Could you transcribe exactly the lines below, from the line with "さくらんぼクラブ お知らせ" through the line with "- Fenster und", and nothing else, leaving out the pictures?

:: Data supplied ::

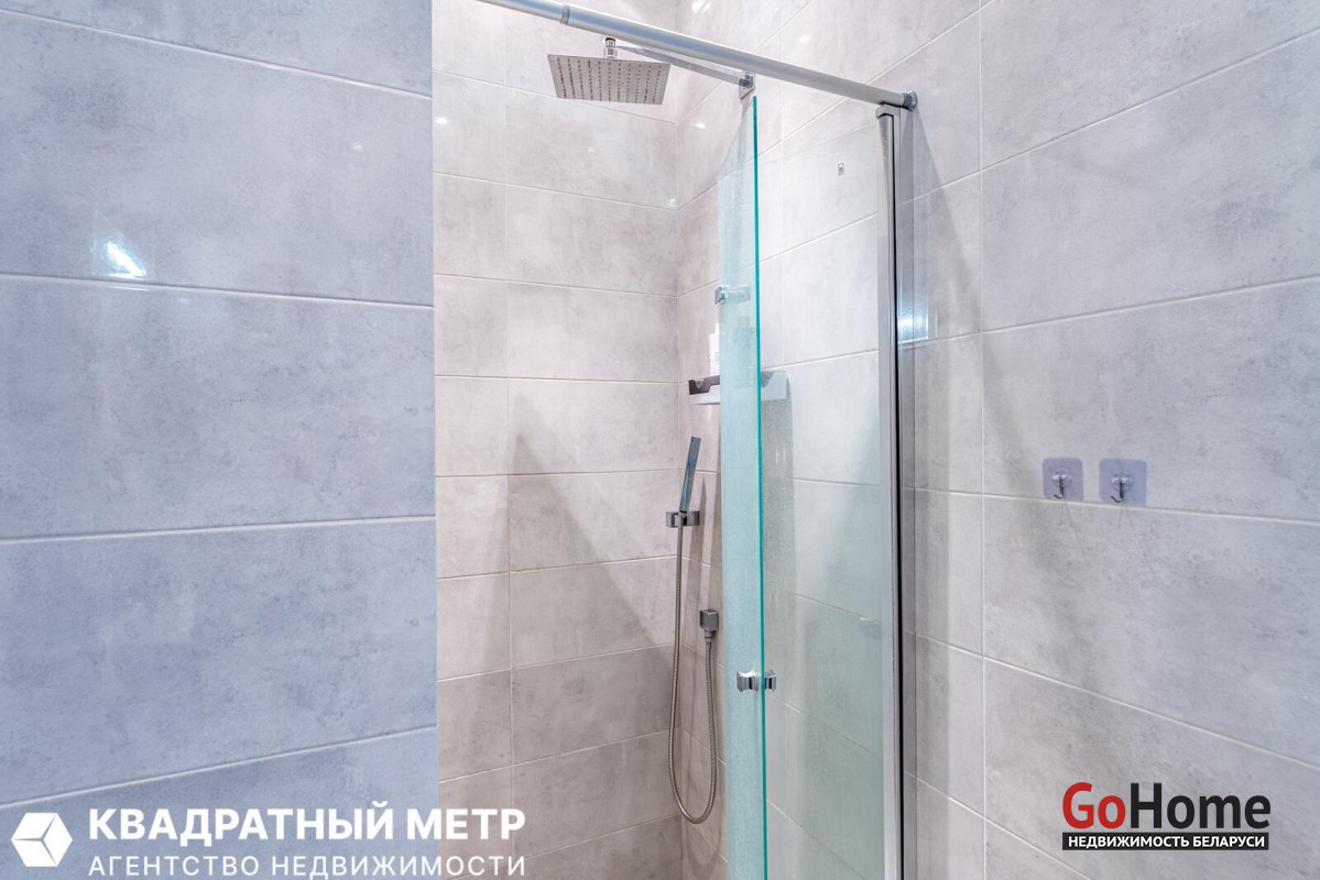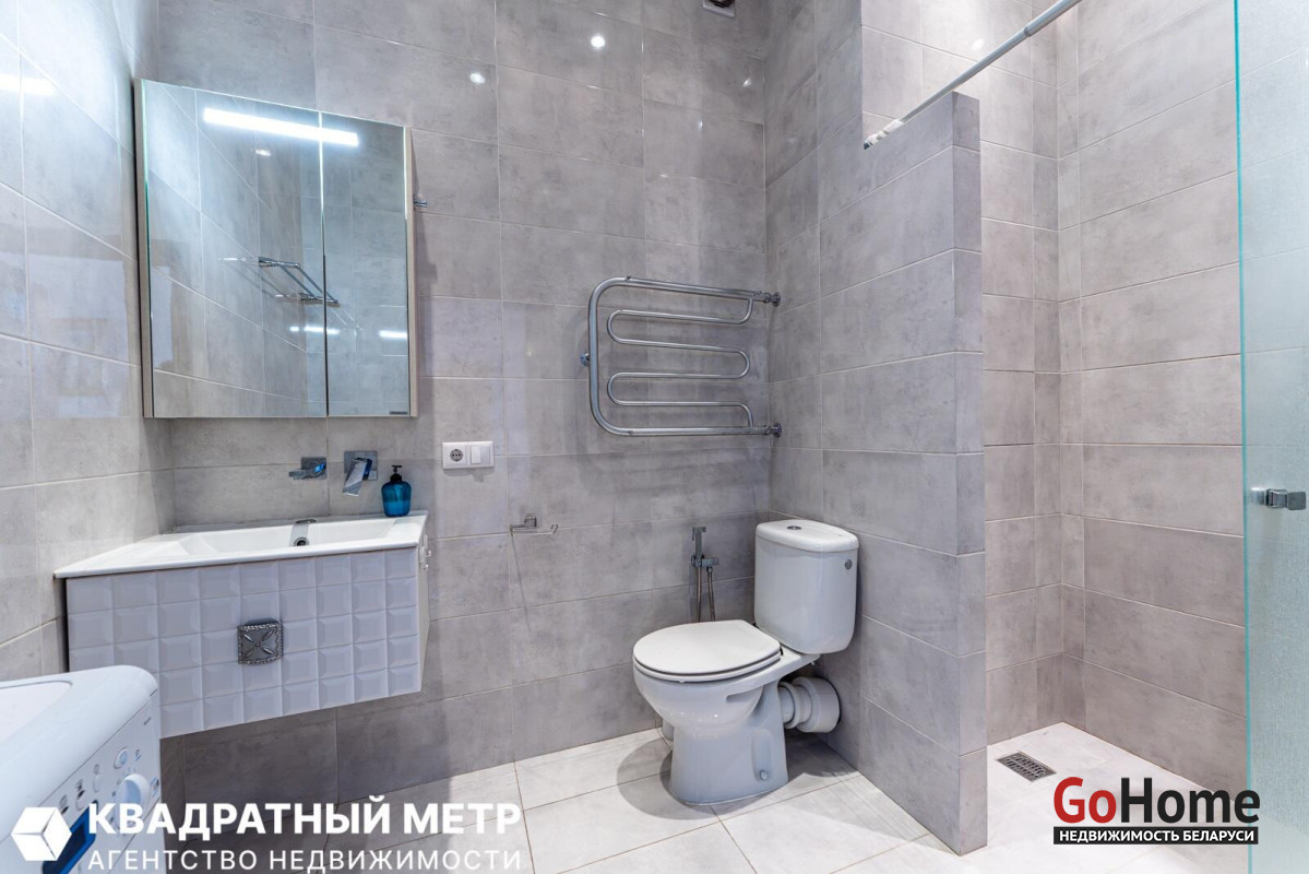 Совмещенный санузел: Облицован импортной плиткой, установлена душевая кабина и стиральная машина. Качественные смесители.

:::
:: Data supplied ::

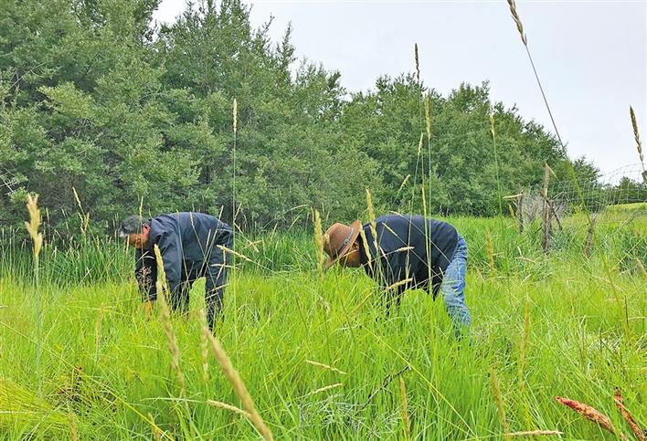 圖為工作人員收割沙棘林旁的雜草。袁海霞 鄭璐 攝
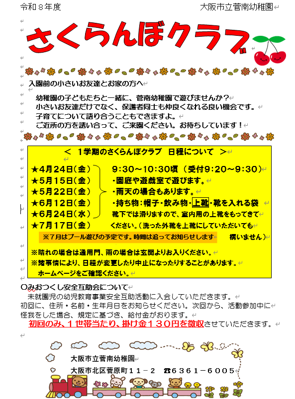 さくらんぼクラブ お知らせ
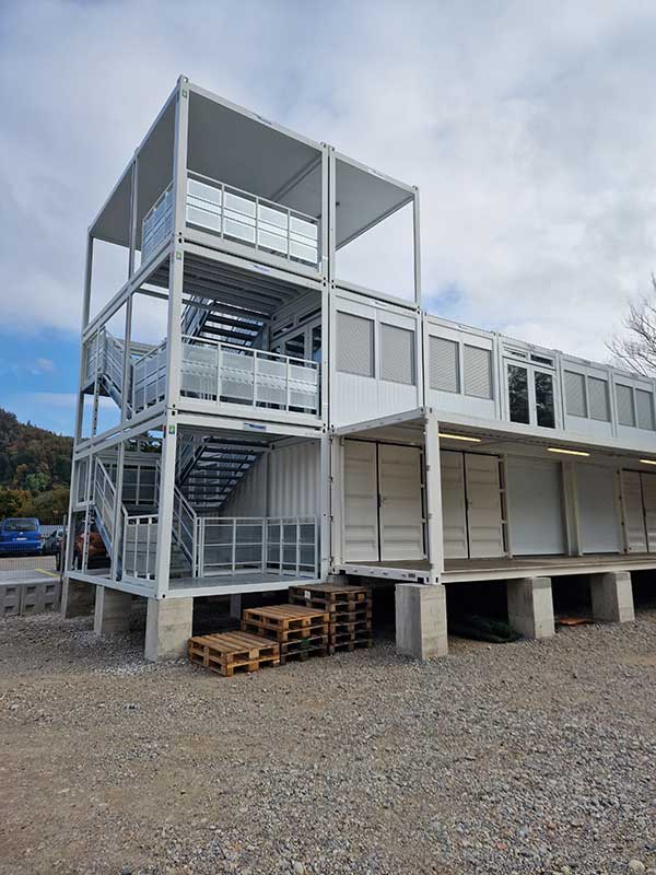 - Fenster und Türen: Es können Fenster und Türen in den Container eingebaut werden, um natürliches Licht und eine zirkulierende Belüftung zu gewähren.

:::
:: Data supplied ::

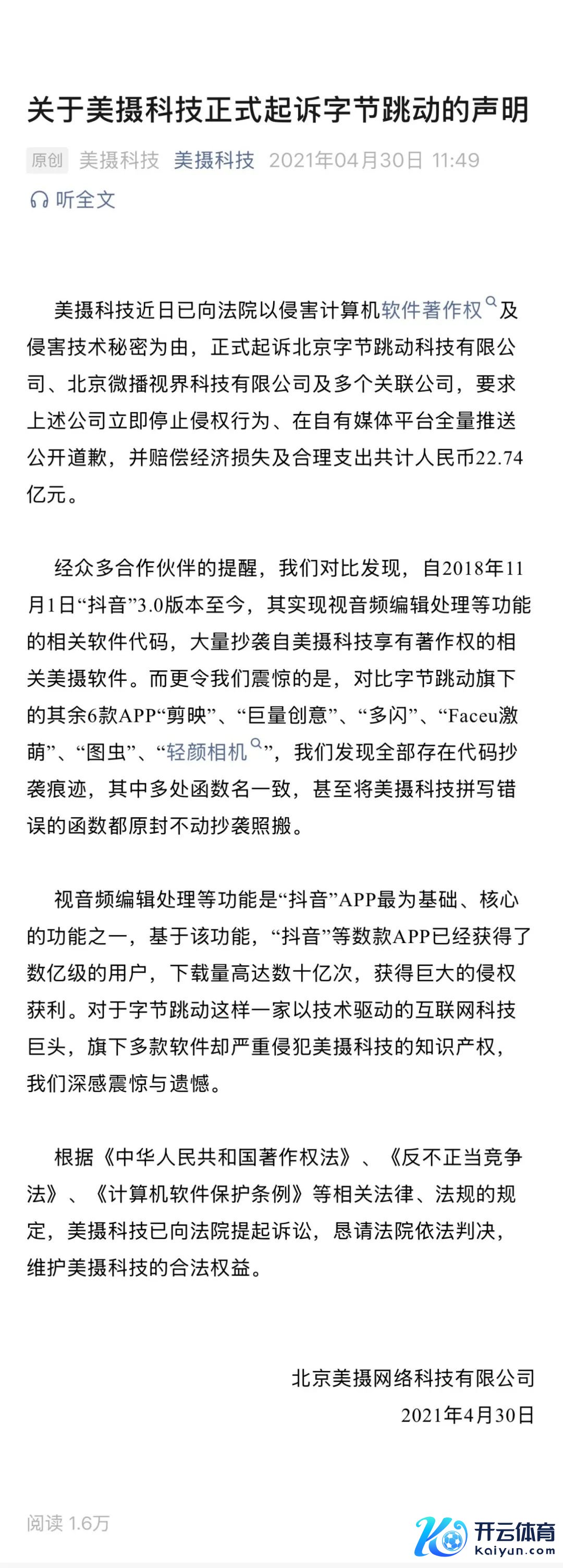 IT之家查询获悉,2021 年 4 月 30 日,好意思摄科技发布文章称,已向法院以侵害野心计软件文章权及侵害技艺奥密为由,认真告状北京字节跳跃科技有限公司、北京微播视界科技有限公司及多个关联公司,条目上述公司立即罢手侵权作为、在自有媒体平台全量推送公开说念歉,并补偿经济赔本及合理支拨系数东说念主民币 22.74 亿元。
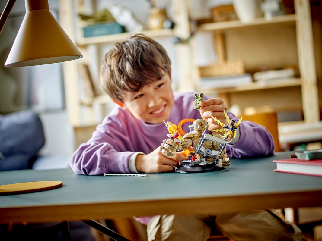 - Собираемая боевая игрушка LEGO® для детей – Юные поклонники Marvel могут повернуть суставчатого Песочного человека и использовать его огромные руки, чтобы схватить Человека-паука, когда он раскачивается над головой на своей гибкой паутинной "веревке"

:::

• Answer:
 さくらんぼクラブ お知らせ
 - Fenster und Türen: Es können Fenster und Türen in den Container eingebaut werden, um natürliches Licht und eine zirkulierende Belüftung zu gewähren.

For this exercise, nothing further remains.